> Input data:
=-=-=-=-=
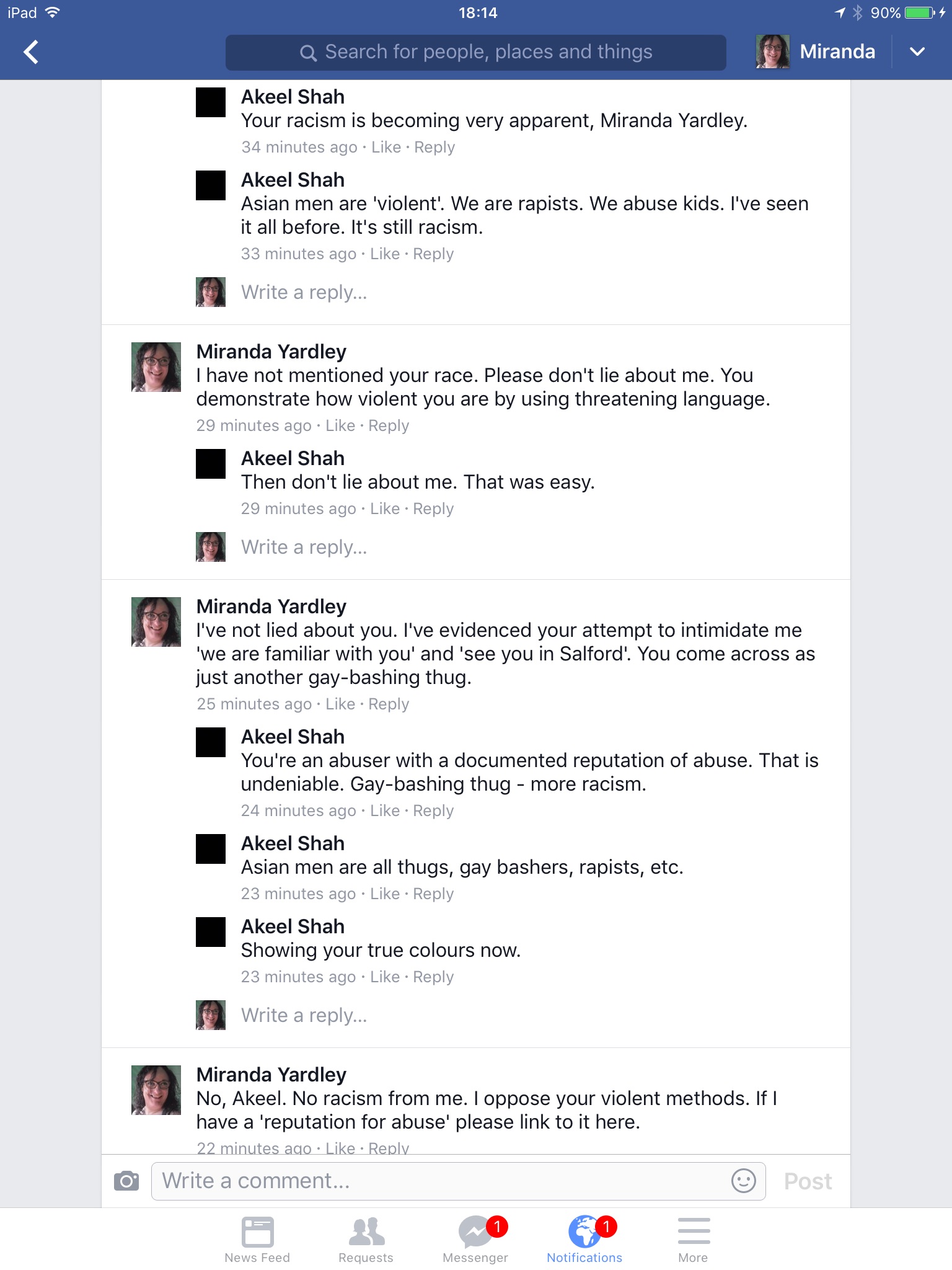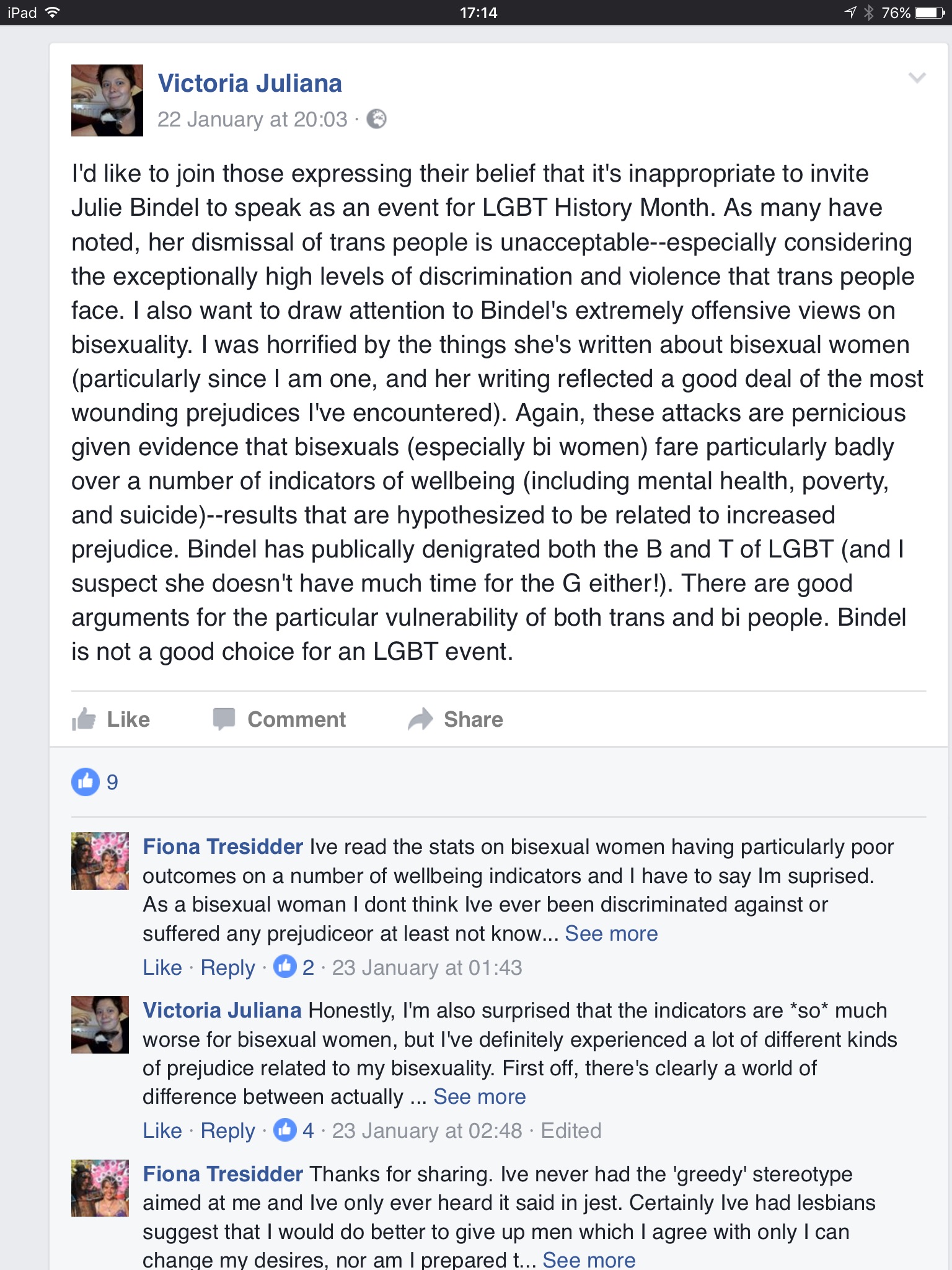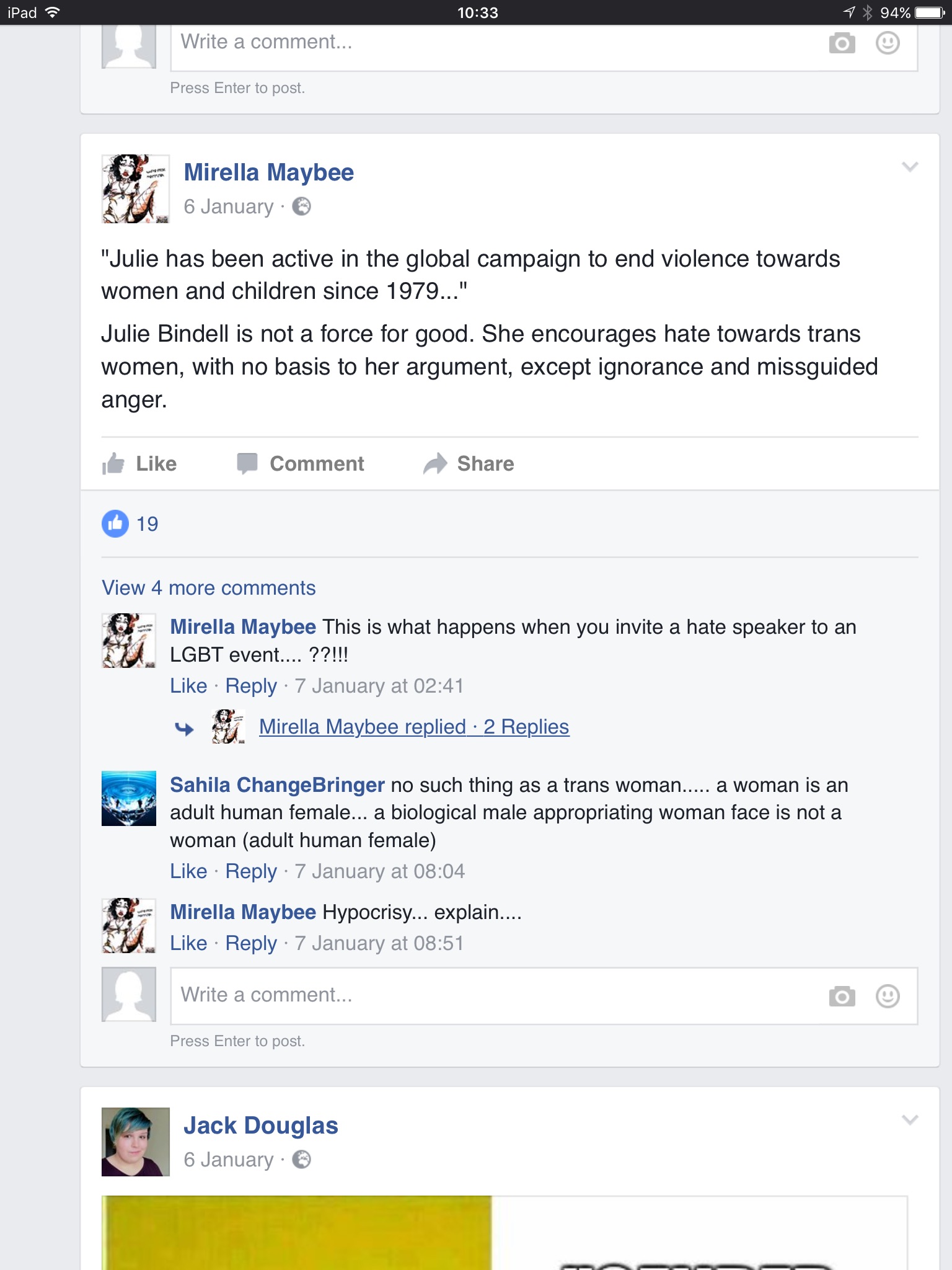 In case anyone thought after the events of Wednesday 13 September that abuse, violence and violent rhetoric were a new thing in transgender activism, here is a collection of violent and abusive receipts collected in the build up to Julie Bindel’s talk on growing up as a working-class lesbian, given at Salford’s Working Class Movement Library in February 2017. Much of this material was taken from the talk’s event page on Facebook.
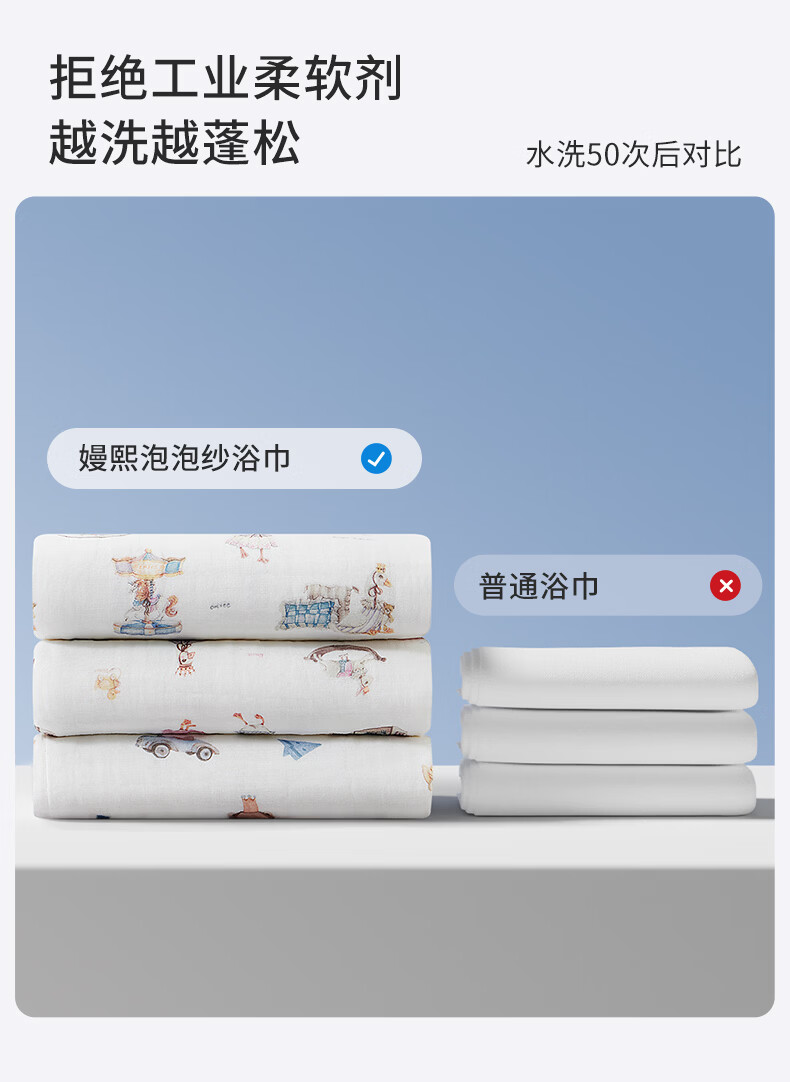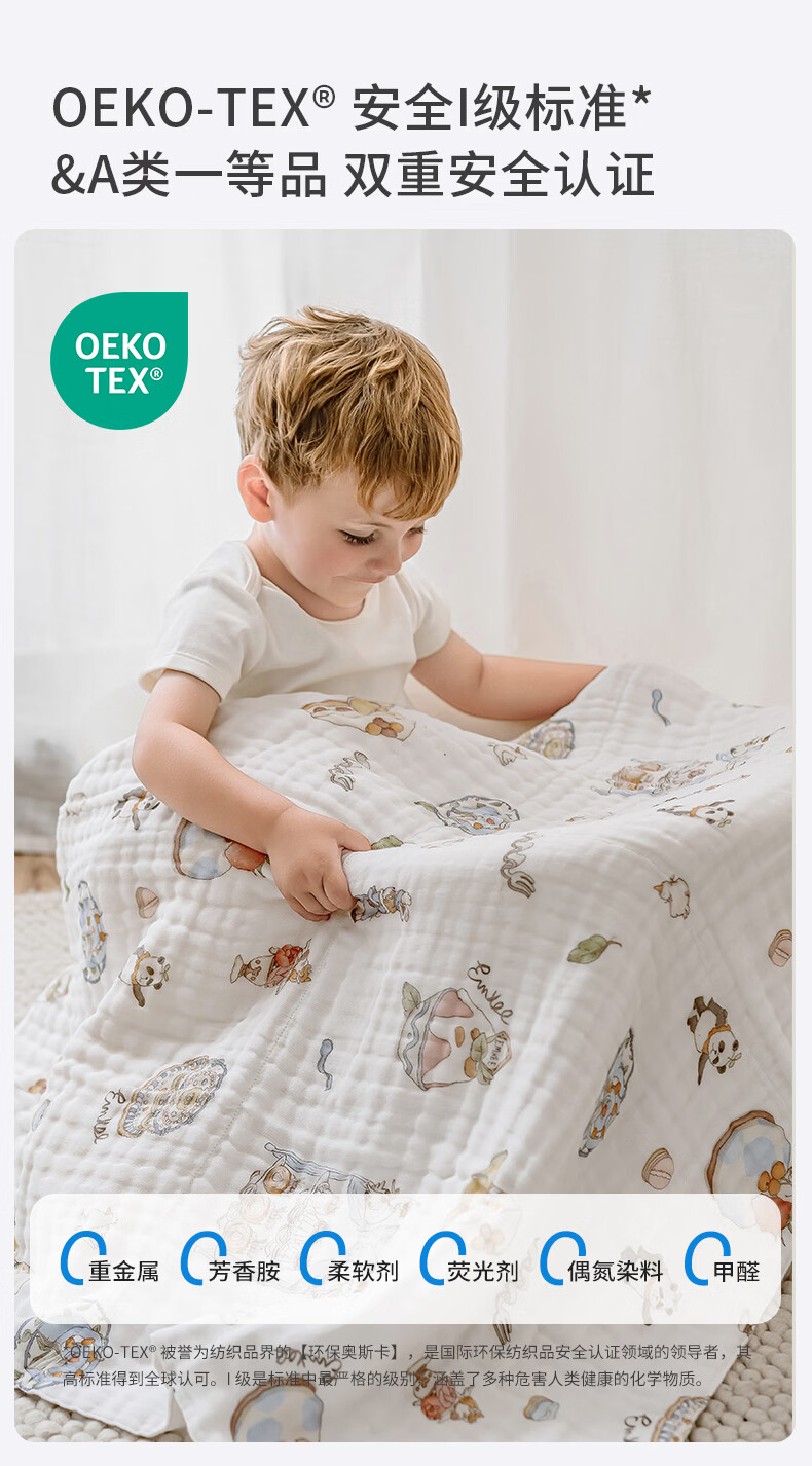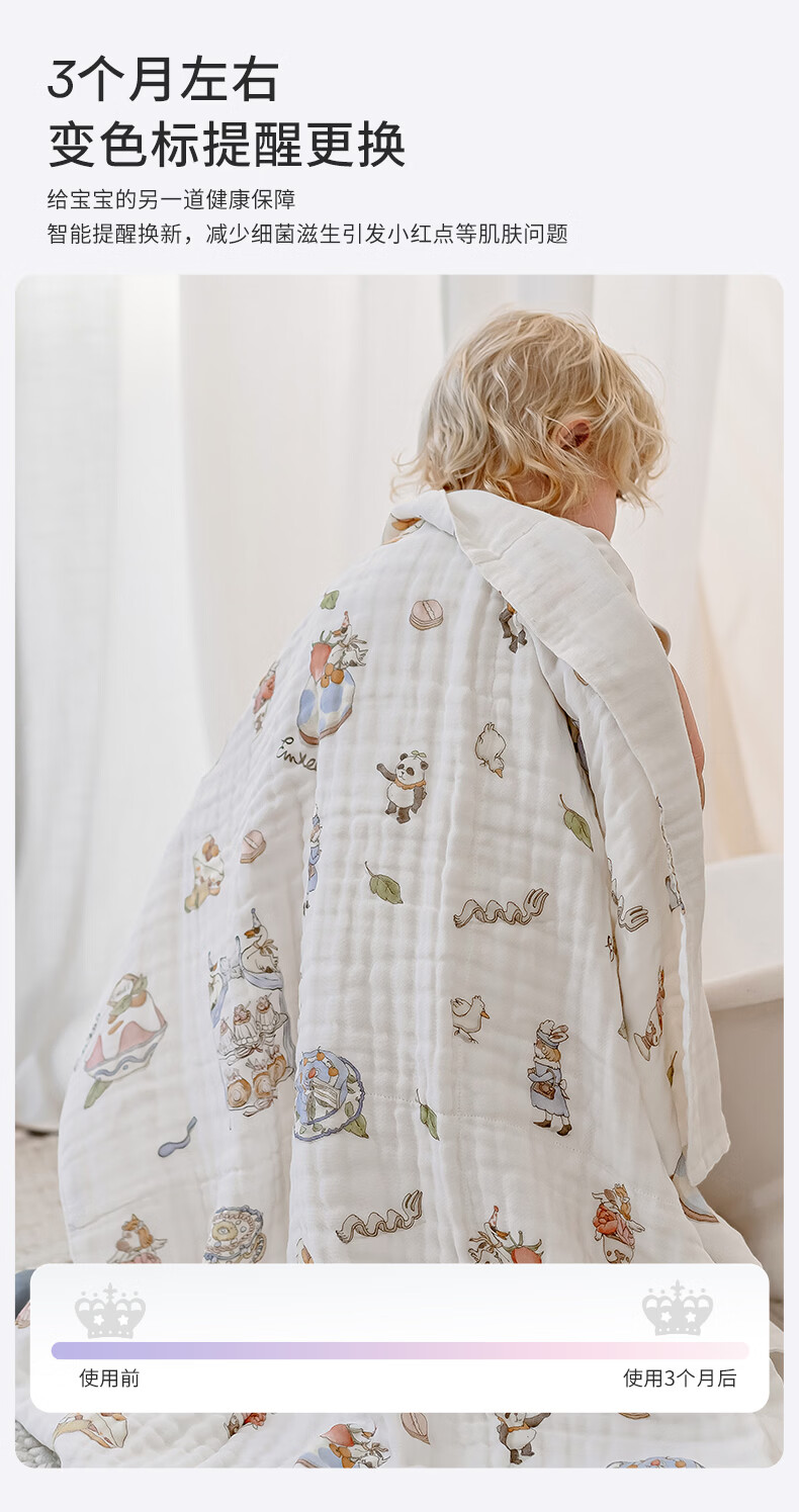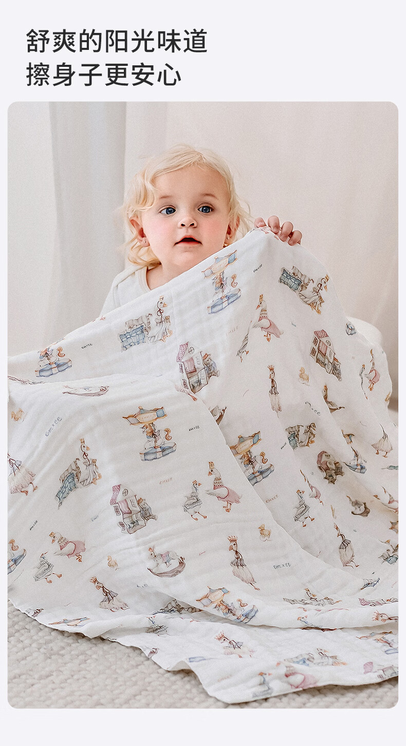 嫚熙(EMXEE)婴儿纱布浴巾纯棉宝宝洗澡巾新生儿童浴巾 甜蜜时光95cm
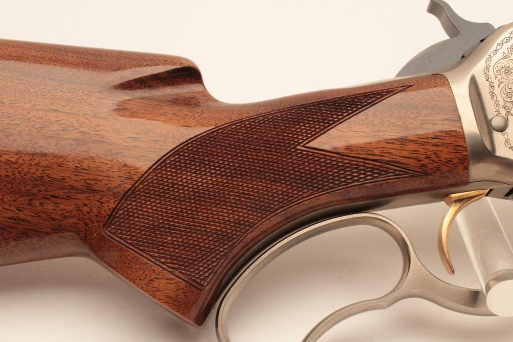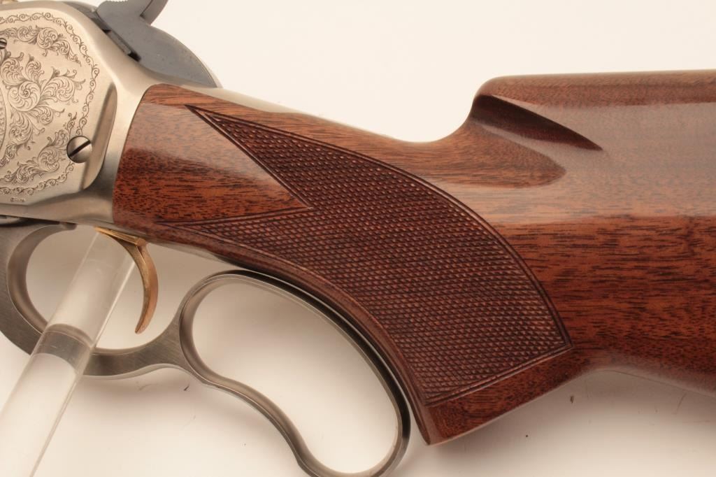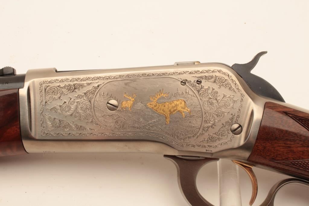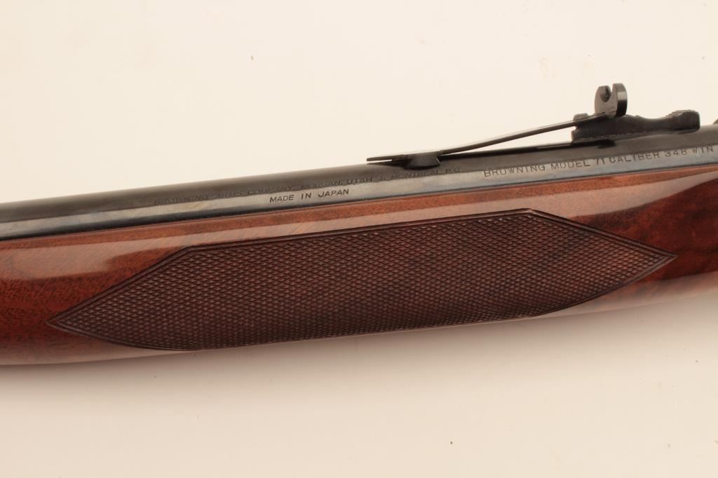 18CC-4 MDL 71 BROWNINGDiscontinued Browning Model 71 Lever Action Carbine in .348 caliber with a 20” barrel, high grade, S/N 00053PR6C7. Excellent to new in box. Few high grade carbines were made. (Modern) Est.: $1400-$2800Discontinued Browning Model 71 Lever Action Carbine in .348 caliber with a 20” barrel, high grade, S/N 00053PR6C7. Excellent to new in box. Few high grade carbines were made. (Modern) Est.: $1400-$2800
=-=-=-=-=
> Work order: Quote, please, every line of the material above from its start through the line that has "嫚熙(EMXEE)婴儿纱布浴巾纯棉宝宝洗澡巾新生儿童浴巾 甜蜜时光95cm", reproducing the words exactly and dropping any images.

> Result for this task:
 In case anyone thought after the events of Wednesday 13 September that abuse, violence and violent rhetoric were a new thing in transgender activism, here is a collection of violent and abusive receipts collected in the build up to Julie Bindel’s talk on growing up as a working-class lesbian, given at Salford’s Working Class Movement Library in February 2017. Much of this material was taken from the talk’s event page on Facebook.
 嫚熙(EMXEE)婴儿纱布浴巾纯棉宝宝洗澡巾新生儿童浴巾 甜蜜时光95cm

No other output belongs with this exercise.